Monday, September 28, 1998
Inspector shortage hurts eateries
RATINGS: Grades could bring businesses success but also hurt restaurants
By Pauline Vu
Daily Bruin Contributor
What Noodle Planet owner John Mekpongsatorn remembers most is the shame.
There was the shame of having to post his restaurant's health inspection score - 53 points out of 100 possible - on his window for the world to see.
There was the shame of dealing with customers who refused to pay for "dirty food."
And that distinct, painful shame of seeing passersby gagging at the grade in disgust.
"I've had people laugh, jeer and point at the score. Once I even saw a guy taking a picture of his friends posing with it," Mekpongsatorn said.
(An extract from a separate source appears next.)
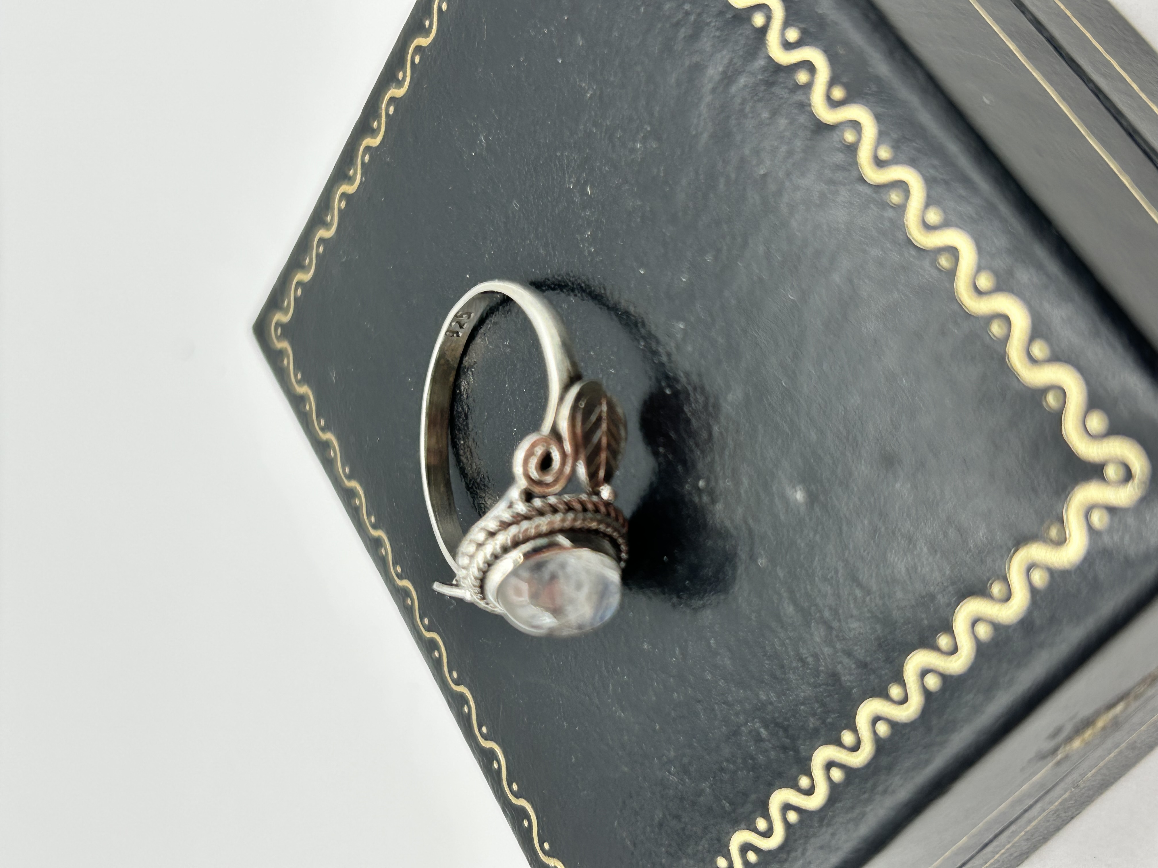 A silver dress ring featuring a central oval cabochon-cut rainbow moonstone. The stone is housed in a bezel setting with a decorative twisted rope wire border. The shoulders are embellished with applied leaf motifs and openwork wire scrolls. The interior of the band is stamped 925, indicating the metal is sterling silver. The moonstone displays characteristic adularescence and a milky translucency.

Two weeks later, Mekpongsatorn had, among other corrections, learned what the Health Department considers the proper method of defrosting, replaced the broken tile in front of his refrigerator and repainted the ceiling of his upstairs store room, where he had been docked two points because the paint was peeling.
And despite his explanations to customers that many of his violations had been minor and offers to allow them to inspect the kitchen themselves, business dropped.
Noodle Planet was recently upgraded to an A grade. Business immediately picked up, and the only remaining shadow was a few snide comments about the new grade.
Questions such as "How much did you pay for the sign?" and "Where'd you steal it?" bombarded Mekpongsatorn.
"We earned this score," he replied.
The Los Angeles County Health Department didn't foresee problems like Mekpongsatorn's when it adopted the new restaurant grading system earlier this year.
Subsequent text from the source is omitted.